Key innovation: A bioinformatics masking strategy was developed to exclude regions of high genomic similarity between M. tuberculosis and nontuberculous mycobacteria (NTM), aiming to improve taxonomic specificity.
Primary findings in pleural fluid:
M. tuberculosis DNA fragments were detected in all TBP cases, with median 267.6 RP10M (IQR 30.8–2644.3).
In non-TBP, fragments were absent in 288/295 (97.6%); 7/295 (2.4%) had low-level signal (0.31–4.34 RP10M).
Diagnostic discrimination was excellent:
AUC 0.9996 (95% CI 0.9988–1.0000)
At a cutoff of 2 RP10M:
Sensitivity: 97.1% (33/34; 95% CI 84.7–99.9%)
Specificity: 99.7% (95% CI 98.1–100.0%)
Comparison with conventional pleural fluid tests:
M. tuberculosis culture sensitivity: 47.1% (95% CI 29.8–64.9%)
Xpert MTB/RIF Ultra sensitivity: 26.5% (95% CI 12.9–44.4%)
Sequencing sensitivity was significantly higher than culture (P<0.001).
Performance by culture subgroup:
In culture-positive TBP, sequencing sensitivity was 93.8% (15/16; 95% CI 69.8–99.8%)
In culture-negative TBP, sequencing sensitivity was 100.0% (18/18)
Xpert Ultra sensitivities:
37.5% for culture-positive TBP
16.7% for culture-negative TBP
Plasma findings:
Paired plasma available for 31 TBP and 257 non-TBP patients.
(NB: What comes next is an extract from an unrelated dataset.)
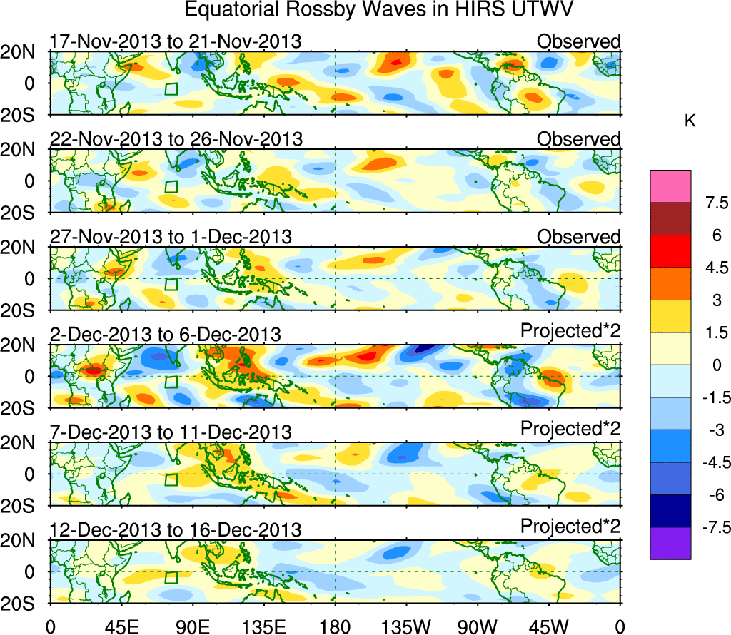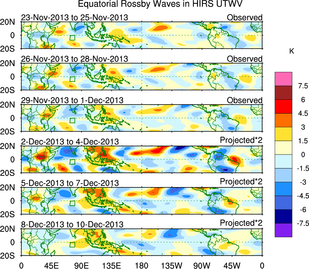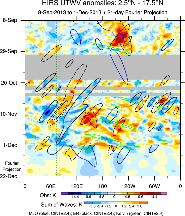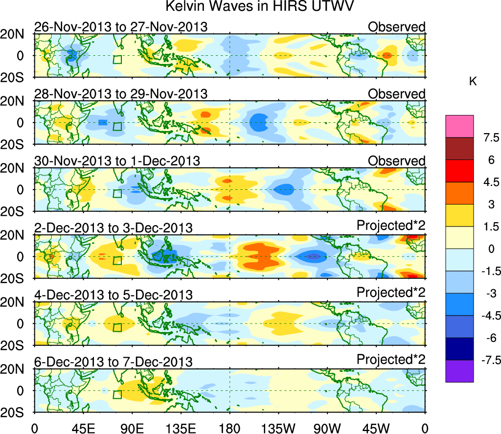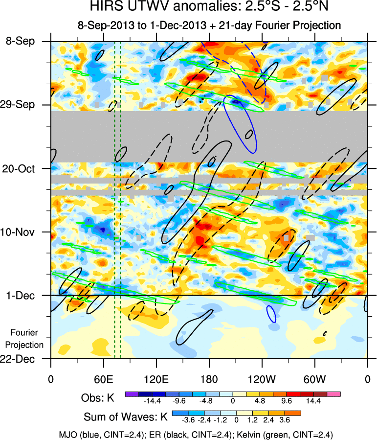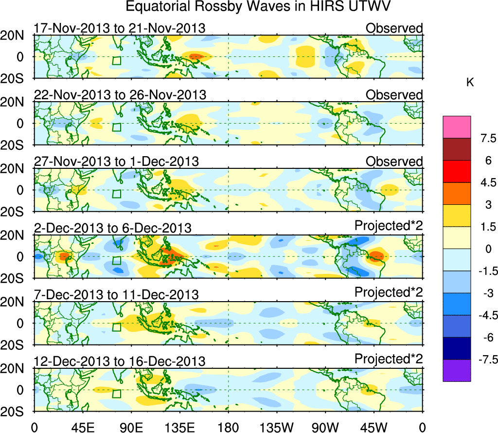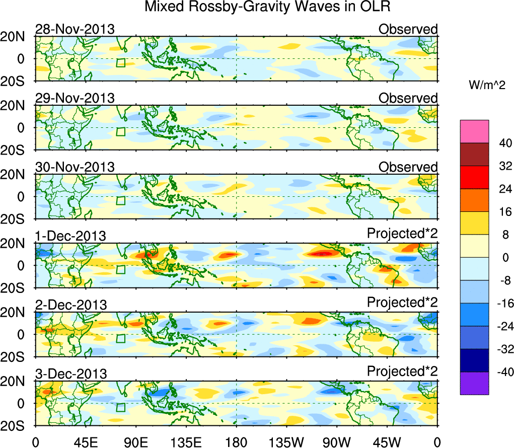 To identify tropical waves in near real-time, the OLR and UTWV data are filtered following Wheeler & Weickmann (2001 MWR). The daily anomalies are calculated using the first 3 harmonics of the seasonal cycle for 1979–2009. Missing values are then filled using linear interpolation in space and time. The most recent 365 days of anomalies are padded with 659 days of zeroes, and the result is filtered for each wave type.

M. tuberculosis DNA detected in 28/31 TBP plasma samples, median 6.2 RP10M (IQR 1.5–27.9)
Low-level signal found in 9/257 non-TBP plasma samples
AUC 0.9475 (95% CI 0.8929–1.000)
Plasma Xpert Ultra sensitivity was 0%
Drug resistance analysis:
16 TBP samples had reads covering at least 1 of 15 WHO-relevant resistance-associated regions.
No resistance-associated mutations were detected.
Sequencing findings agreed with phenotypic susceptibility in culture-positive cases, all susceptible to first-line agents.
Additional biological findings:
M. tuberculosis cell-free DNA fragments in pleural fluid and plasma were mostly short fragments.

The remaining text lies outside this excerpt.